En attendant qu’on me livre, je m’occupe en pokant sur Facebook quand l’interphone retentit. Je fais entrer le livreur dans le bâtiment et laisse la porte ouverte en attendant qu’il monte les trois étages. Et là, c’est le drame. Le livreur est tout ce qu’il y a de plus éloigné au monde du japonais type. Pas bridé, la peau mate, pas imberbe, de gros sourcils et assez grand. Il y a tromperie sur la marchandise. Quand je commande japonais, je veux manger japonais et que je me fasse livrer par un japonais ! Sinon c’est pas japonais ! Commander de la bouffe étrangère c’est un peu comme un voyage culinaire quelque part non ? Et bien là ça commençait mal, j’étais pas dans l’ambiance quoi ! J’allais pas à Tokyo, mais au Bangladesh (j’ai rien contre le Bangladesh hein, juste contre leurs sushis). Bon il est là, je le paie et prend le sac en espérant que ça soit mangeable. Et bien mes craintes étaient fondées : le poisson était froid et dur, comme si il venait de sortir du congélateur, le riz dégueulasse, l’algue des maki était noire foncée et rigide. Bref, c’était des sushi de pacotille.
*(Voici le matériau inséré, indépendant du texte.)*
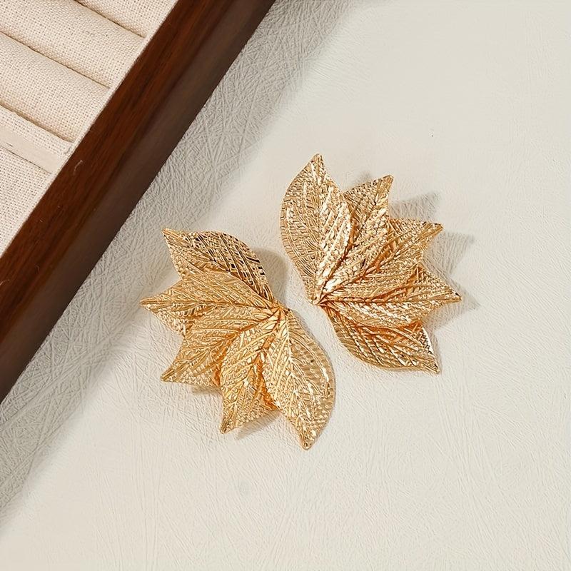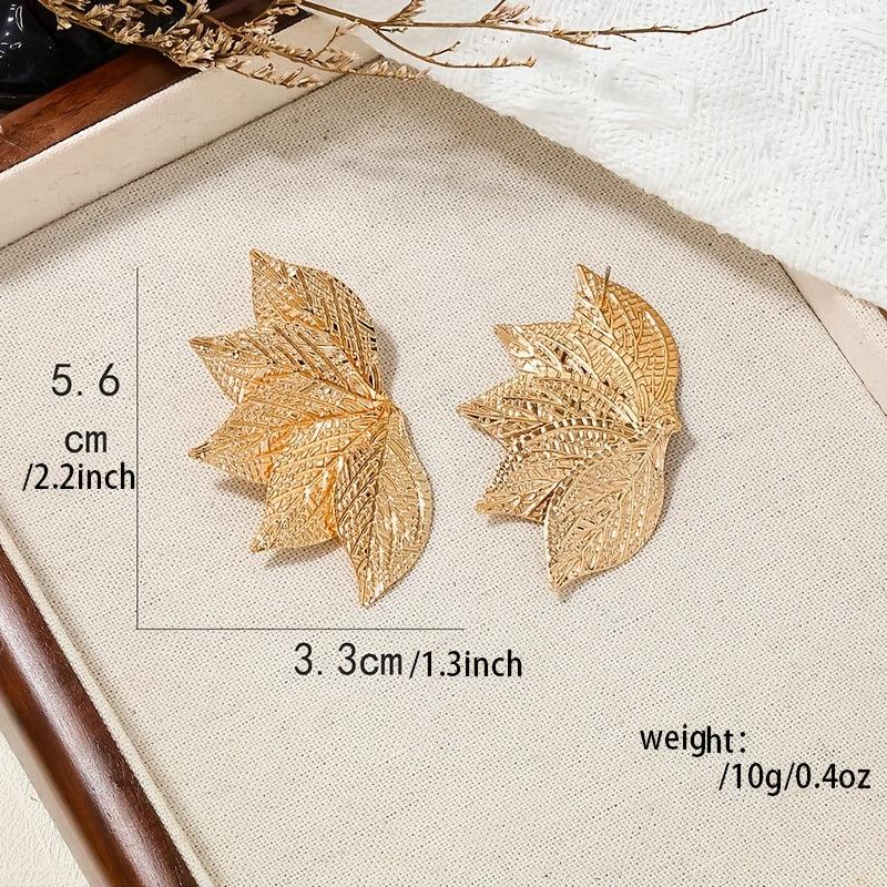 Add a touch of elegance to your outfit with these golden tone leaf stud earrings. Made of alloy with stainless steel posts, these earrings are perfect for daily wear and special occasions. They make a great gift for your loved ones!

Encore une chaîne de restaurants à la AllôSushi qui n’ont rien de japonais et qui font des sushi cheap et dégueu en se faisant passer pour des vrais nippons. J’étais dégoûté.

J’ai pas fini le plateau tellement c’était immangeable et je me suis rabattu sur des restes de salade. Dorénavant, je garde précieusement les coordonnées de mon vrai et authentique restaurant nippon, fait par des véritables maîtres sushi et livré par des japonais, il n’y a que ça de vrai. C’est comme si on me faisait bouffer du chocolat Milka qui aurait mis dans le papier alu par un koala plutôt que la marmotte non ? Et quand vous allez manger un couscous, vous gueuleriez si c’était un vietnamien qui vous l’apportait non ? Alors amis lecteurs, je le dis haut et fort : Attention aux contrefaçons culinaires !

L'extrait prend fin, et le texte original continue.